Good luck connecting with this one buddy. You might force a decent trade if you have a scary thing in the bin but then why are you not playing a removal spell? Being an artifact himself is a good bonus making him potentially more playable in some synergy based deck but I still highly doubt it. Even if you could case the card for free this still wouldn't be much more than a Grey Ogre on the board.

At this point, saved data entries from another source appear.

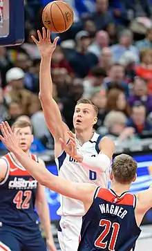 Porziņģis debuted for the Mavericks on 23 October 2019, posting 23 points and four rebounds in a 108–100 win over the Washington Wizards.[63] On 31 January 2020, he scored a then season-high 35 points, along with 12 rebounds in a 128–121 loss to the Houston Rockets.[64] On 3 February, that season-high was surpassed with a 38-point, 12-rebound performance in a 112–103 win over the Indiana Pacers.[65] Just two days later, Porziņģis followed that up with 32 points and 12 rebounds in a 121–107 loss to the Memphis Grizzlies, before leaving the game with a broken nose.[66][67] On 1 March, Porziņģis matched his then season-high 38 points, along with 14 rebounds and 5 blocks, in a 111–91 victory over the Minnesota Timberwolves.[68] Three days later, he registered 34 points, 12 rebounds and 5 blocks in a 127–123 overtime win over the New Orleans Pelicans, becoming the first player since Shaquille O'Neal in 2000 to have consecutive 30-point, 5-block games.[69][70] On 2 March 2020, Porziņģis was named the Western Conference player of the week, his second time to earn player of the week honors. From 25 February to 1 March Porziņģis averaged 26.3 points per game, 11.8 rebounds per game and 2.3 blocks per game. The Mavericks won three games and lost once.[71] On 31 July, Porziņģis recorded a season-high 39 points, as well as 16 rebounds, in a 153–149 overtime loss to the Houston Rockets. This was the Mavericks' first game in the Orlando bubble, returning from a four-month hiatus due to the COVID-19 pandemic.[72] Porziņģis finished his bubble play strong, averaging 30.5 points, 9.5 rebounds, 2.2 assists and 1.5 blocks per game across six games, earning him All Seeding Games Second Team honors.[73]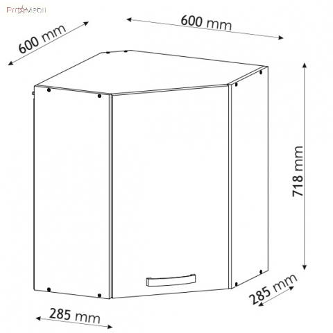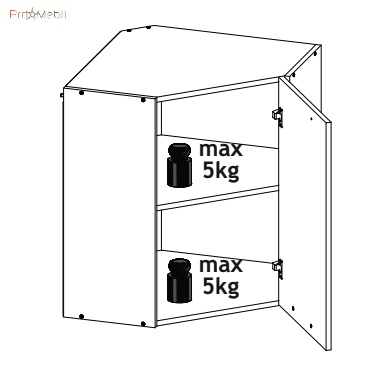 шафка верхня кутова містить одне закрите відділення з полицею всередині |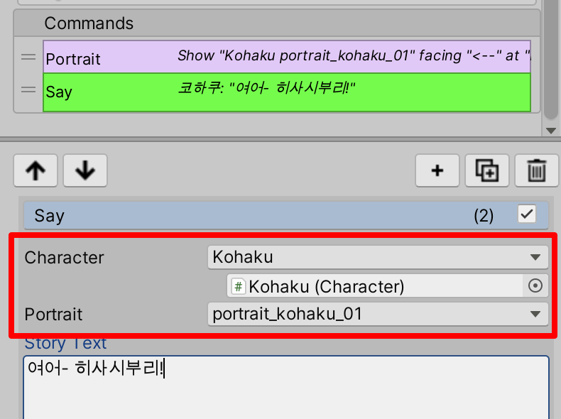 Character에 아까 전에 추가했던 스프라이트들을 Portraits에 추가해 줍니다.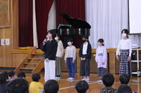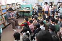 昼休みに図書室で5年生の図書委員が1,2年生に読み聞かせをしていました。声の大きさや聞きやすさに気を付けて上手に読んでいました。1,2年生もよく話を聞いていました。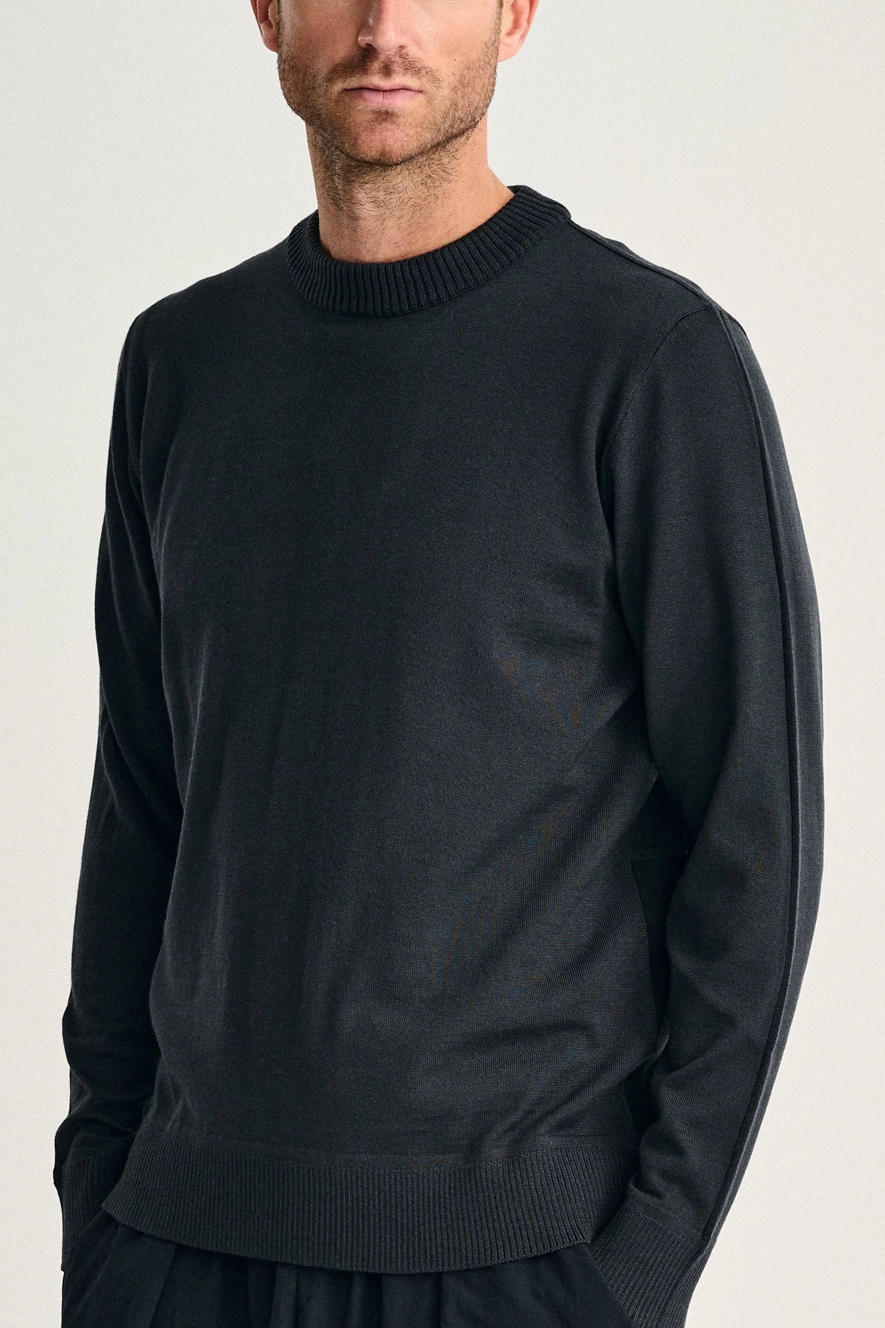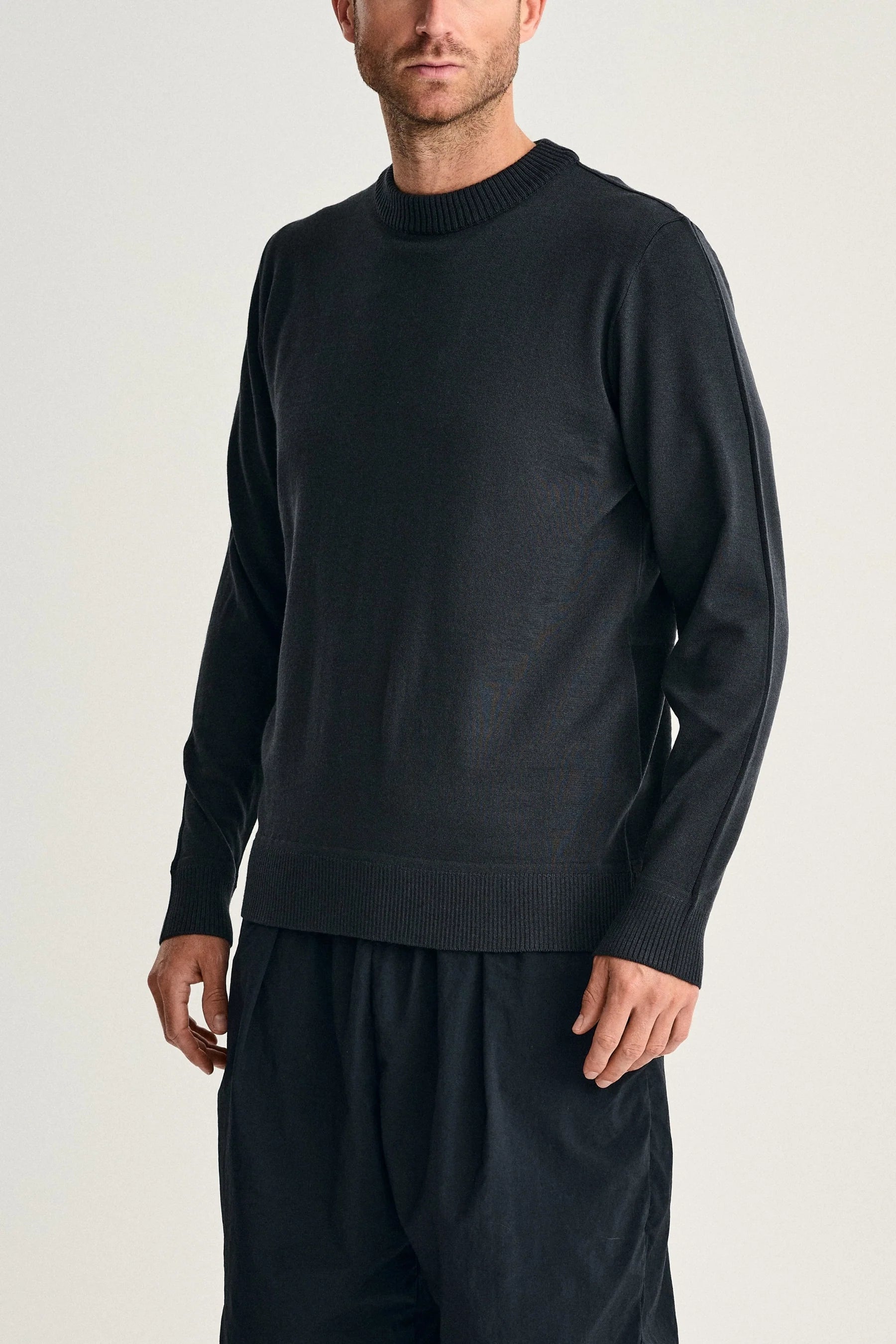 DESIGN | Solo crew neck in single-sided jersey. Subtle detailing with reverse loops on the lower back. Minimal refined design. |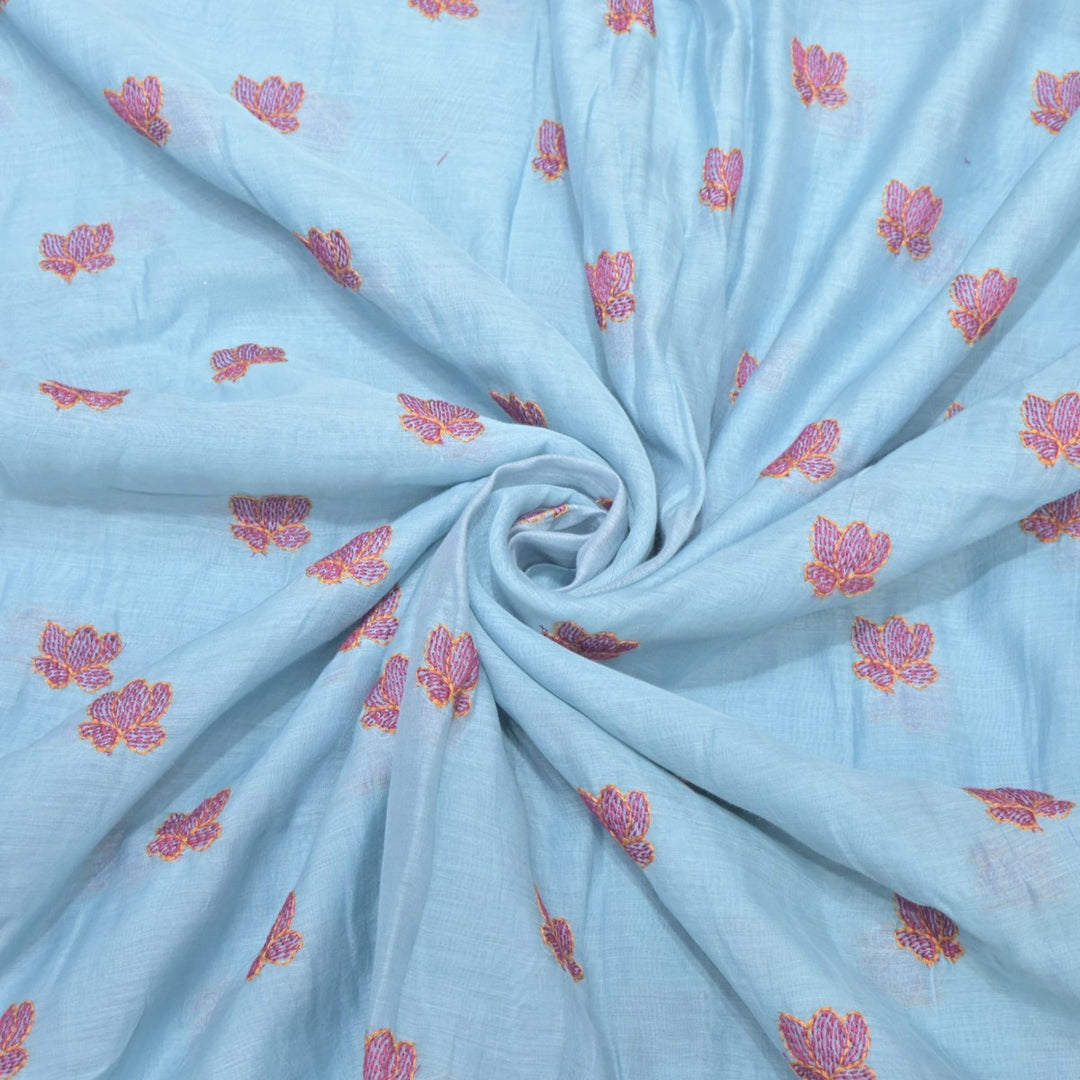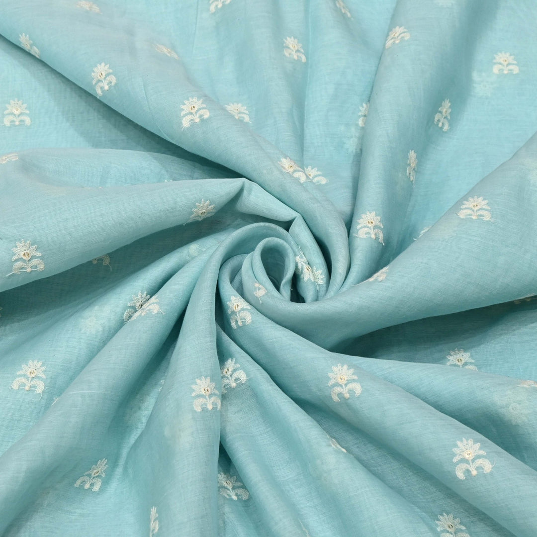 Sky blue mul chanderi Embroidered Floral Buti Fabric.

Kydele, Chosen of Kruphix 2.5/10

This is like Karametra's Acolyte, a limp four drop that can produce massive amounts of mana. It is infact worse in almost all ways, 1/4 is better than a 2/3 for a utility body you want to tap and use rather than get involved in combat. Being just green and tapping for green also make Karametra's Acolyte more useful and playable. Most of the decks that want loads of mana will naturally obtain a high devotion to green, with Kydele you have to do work each turn in order to have her tap for a significant amount and none of that is retained for her next tap. I guess if you draw seven cards and make that much mana additionally then you should probably be winning there and then but equally you can pair card draw with the Acolyte and be in the same winning position. The only hope I can think for Kydele is in some storm deck which doesn't have any real sources of devotion but that does have a whole bunch of card draw and perhaps even some good ways to untap her too. Kydele into Time Spiral seems like good games. Again though there are some things in the way of this in the form of Oracle of Mul Daya. Oracle also ramps you but does so with lands which are typically what you are abusing to generate massive amounts of mana. Oracle is a much better stand alone card as she also gives ongoing value herself.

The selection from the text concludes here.